►

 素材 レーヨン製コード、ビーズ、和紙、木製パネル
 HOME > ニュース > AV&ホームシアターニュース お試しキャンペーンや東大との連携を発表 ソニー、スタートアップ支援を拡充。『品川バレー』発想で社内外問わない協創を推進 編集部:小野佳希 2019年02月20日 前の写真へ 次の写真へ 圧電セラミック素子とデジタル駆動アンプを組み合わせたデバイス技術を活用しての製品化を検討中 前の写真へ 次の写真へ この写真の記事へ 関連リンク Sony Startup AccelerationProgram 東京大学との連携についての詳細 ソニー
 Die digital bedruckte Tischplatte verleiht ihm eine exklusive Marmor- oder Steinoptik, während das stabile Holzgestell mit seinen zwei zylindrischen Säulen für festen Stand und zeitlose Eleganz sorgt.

◄
►

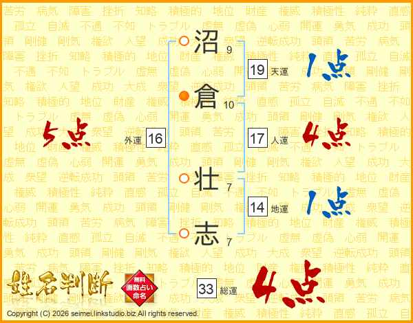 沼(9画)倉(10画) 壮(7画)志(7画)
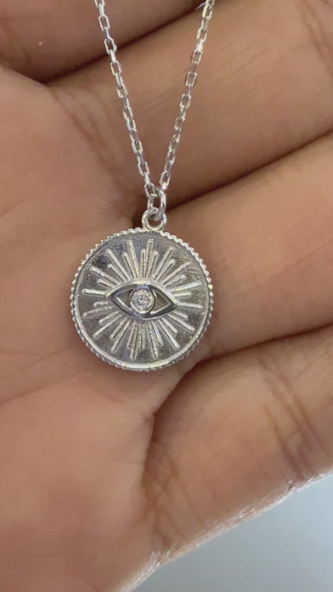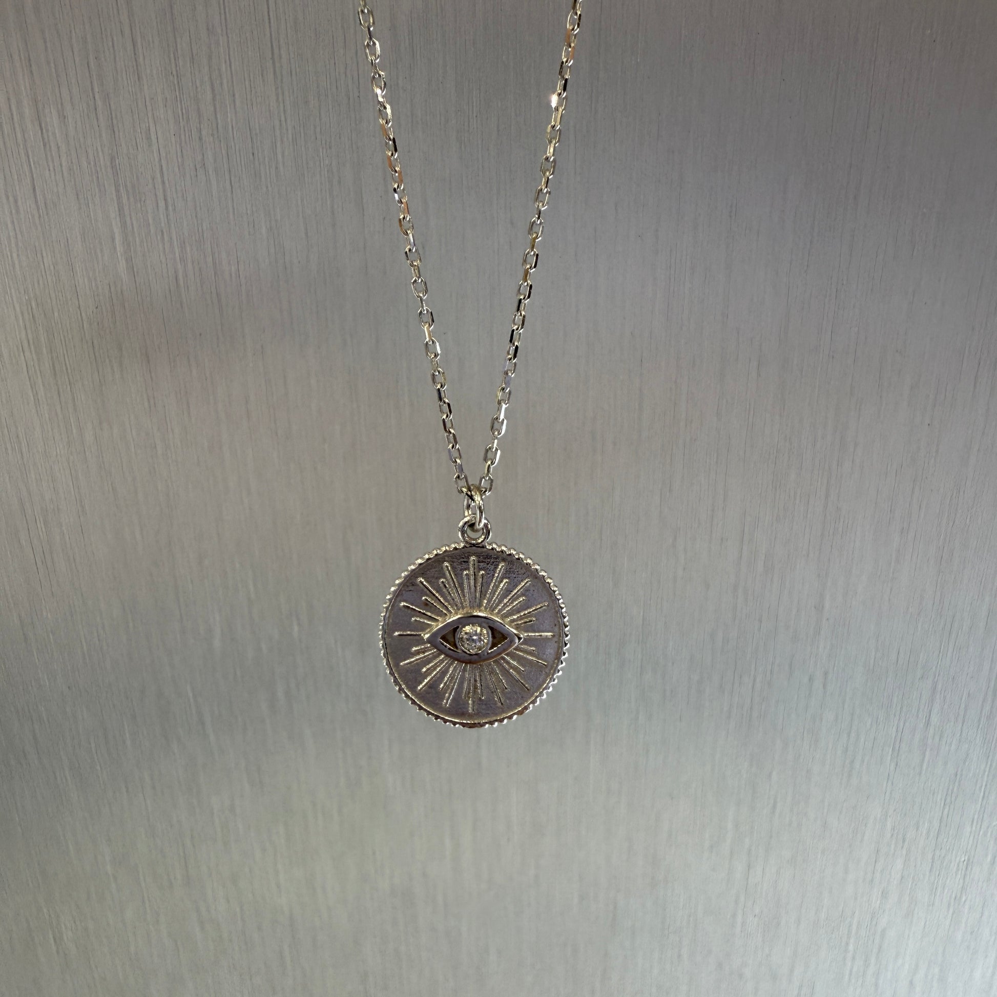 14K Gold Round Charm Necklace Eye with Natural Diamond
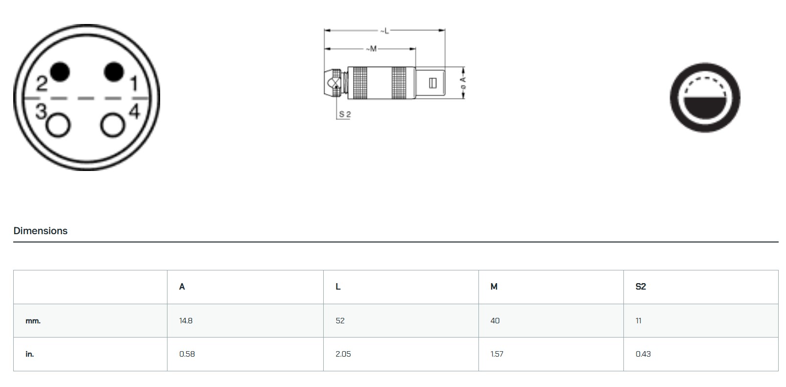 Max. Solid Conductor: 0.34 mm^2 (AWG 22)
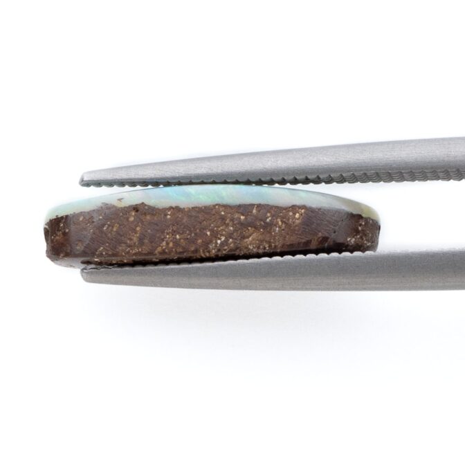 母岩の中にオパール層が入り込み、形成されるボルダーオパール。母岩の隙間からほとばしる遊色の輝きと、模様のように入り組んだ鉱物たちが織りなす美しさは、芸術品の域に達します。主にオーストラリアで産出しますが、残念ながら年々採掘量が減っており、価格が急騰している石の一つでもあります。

◄

**REQUIREMENT:** Copy only these lines from the records above, exactly: the one with "沼(9画)倉(10画) 壮(7画)志(7画)", the one with "母岩の中にオパール層が入り込", and those between. Skip the pictures.

**FINISHED EXERCISE:**
 沼(9画)倉(10画) 壮(7画)志(7画)
 14K Gold Round Charm Necklace Eye with Natural Diamond
 Max. Solid Conductor: 0.34 mm^2 (AWG 22)
 母岩の中にオパール層が入り込み、形成されるボルダーオパール。母岩の隙間からほとばしる遊色の輝きと、模様のように入り組んだ鉱物たちが織りなす美しさは、芸術品の域に達します。主にオーストラリアで産出しますが、残念ながら年々採掘量が減っており、価格が急騰している石の一つでもあります。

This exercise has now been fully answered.